Machine learning in trading: theory, models, practice and algo-trading - page 2109
You are missing trading opportunities:
- Free trading apps
- Over 8,000 signals for copying
- Economic news for exploring financial markets
Registration
Log in
You agree to website policy and terms of use
If you do not have an account, please register
select all files and download them, they will be zipped
different sampling lengths then if a part
Thank you, it is - you can download the archive, which is nice!
But the different lengths of samples - it's bad, I thought to allocate the most random columns, where small deviations are acceptable.
I think that on the sample does not need to apply this method - otherwise how to use it in the real world.
I start it for training, let's see what happens.
Thank you, it is - you can download the archive, which is nice!
But the different lengths of samples - this is bad, I thought to allocate the most random columns, where small deviations are acceptable.
I think that on the sample does not need to apply this method - otherwise how to use it in the real world.
I'm running it for training, let's see what happens.
I don't need it for exams, but it may come in handy.
Too lazy to convert)
I'll explain the point:
1) we sort the column
2) we count the average number of elements in a quantum, for example 10000 elements / 255 quanta = 39,21
3) in the loop we move by 39,21 elements at each step and add the value from the sorted array to the array of quantum values. I.e. array value 0 = value 0 quantum, 39th value = 1 quantum, 78th value = 2 quantum, etc.
If a value is already in the array, i.e. if we get into an area with many duplicates, we skip the duplicate and don't add it.
At each step, we add exactly 39.21, and then round up the sum to select the element in the array, so it would be equal. I.e. instead of 195 (39*5 = 195) elements take 196 ( 39,21 * 5 = (int) 196,05).
With uniform distribution is clear - I would first create an array of unique values and use it for cutting.
But there are other methods of splitting the grid:
With a uniform distribution is clear - I would first create an array of unique values and use it to cut.
But there are other methods of splitting the grid:
There must be a lot of samples, otherwise the model won't learn anything.
there must be a lot of samples, otherwise the model will not learn anything
These are the sample quantization methods for CatBoost - these are the boundaries by which the enumeration/learning then goes on.
My experiments show that the grid should be chosen for each predictor separately, then the quality gain is observed, but this is not able to do CatBoost, and I do not know how to build a grid and I have to build a grid and upload to csv, and then search them in order to assess the behavior of the target in them.
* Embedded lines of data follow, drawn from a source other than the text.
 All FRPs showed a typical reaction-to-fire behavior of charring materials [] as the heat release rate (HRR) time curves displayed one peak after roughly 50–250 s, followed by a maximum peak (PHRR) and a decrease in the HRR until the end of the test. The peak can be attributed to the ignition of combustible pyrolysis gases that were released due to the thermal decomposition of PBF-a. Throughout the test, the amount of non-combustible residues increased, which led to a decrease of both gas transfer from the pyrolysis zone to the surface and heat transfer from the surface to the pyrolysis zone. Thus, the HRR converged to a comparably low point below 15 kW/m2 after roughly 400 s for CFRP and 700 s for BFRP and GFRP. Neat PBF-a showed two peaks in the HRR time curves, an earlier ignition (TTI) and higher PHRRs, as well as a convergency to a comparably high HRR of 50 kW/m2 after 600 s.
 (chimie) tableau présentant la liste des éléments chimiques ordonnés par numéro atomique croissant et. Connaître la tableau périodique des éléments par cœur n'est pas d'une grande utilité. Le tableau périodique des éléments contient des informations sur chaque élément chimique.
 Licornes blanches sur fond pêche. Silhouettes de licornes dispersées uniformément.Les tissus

I think it's a very promising tool, but I need to translate the code into MQL.
These are the sample quantization methods for CatBoost - it is by these boundaries that the enumeration/learning then goes on.
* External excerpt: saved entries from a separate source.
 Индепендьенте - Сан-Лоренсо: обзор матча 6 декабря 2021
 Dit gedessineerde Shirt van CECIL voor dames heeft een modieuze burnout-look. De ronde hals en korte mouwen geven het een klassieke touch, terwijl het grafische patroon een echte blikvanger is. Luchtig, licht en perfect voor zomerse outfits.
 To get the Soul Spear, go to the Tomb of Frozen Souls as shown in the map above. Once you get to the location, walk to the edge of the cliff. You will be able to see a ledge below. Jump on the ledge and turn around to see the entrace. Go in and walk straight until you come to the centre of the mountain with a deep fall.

My experiments show that grid should be chosen for each predictor separately, then the quality gain is observed, but CatBoost can't do it, and I can't build a grid and I have to build grids and upload them to csv, and then iterate through them to evaluate behavior of targets in them. I think this is a very promising feature, but I need to translate the code into MQL.
Do you have it in the settings of the model (parameters)? I don't know what it is
if not in the settings, then it's bullshit.
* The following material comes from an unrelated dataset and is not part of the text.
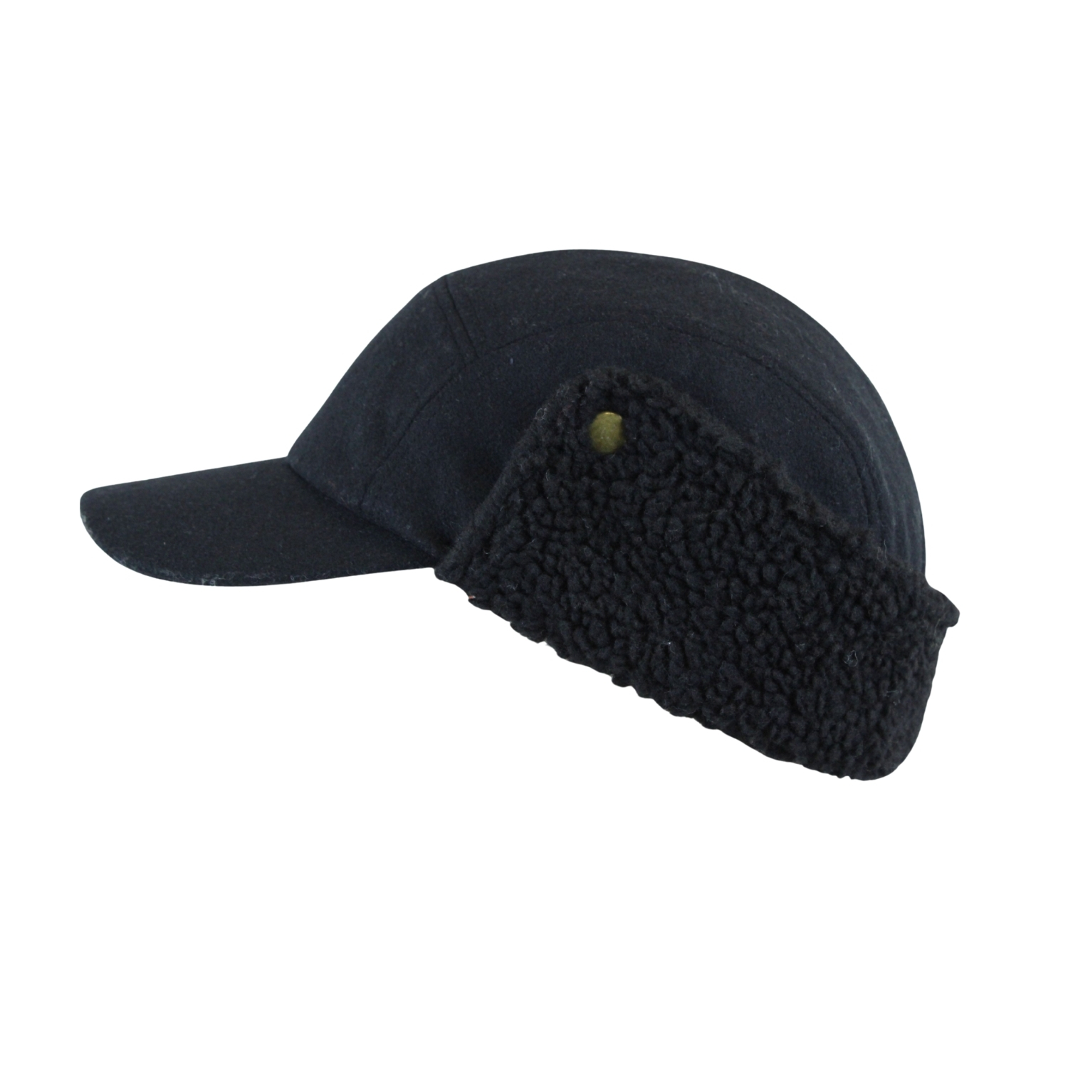 Mens felt baseball cap with quilted lining and flip-back borg ear cover

in the settings of the model itself (parameters) is it? I dunno what it is
If it's not in the settings, then bullshit.
It is in the settings, at least for the command line
--feature-border-type
Thequantization mode for numerical features.
It is in the settings, at least for the command line
--feature-border-type
Thequantization mode for numerical features.
Does it make a big difference? It should be within a percent
With a uniform distribution is clear - I would first create an array of unique values and use it to cut.
But there are other methods to divide the grid:
And that makes a big difference? It should be within a percent difference.
Choosing the right partitioning makes a big difference.
Here's an example on Recall - up to 50% variation - for me that's significant.
Increasing the bounds from 16 to 512 in increments of 16 - though not in order on the histogram - my titles are a bit of a hindrance.
I am still experimenting with mesh selection, but it is already obvious that there are different predictors, for which I need different meshes, to observe the logic, and not only to fit.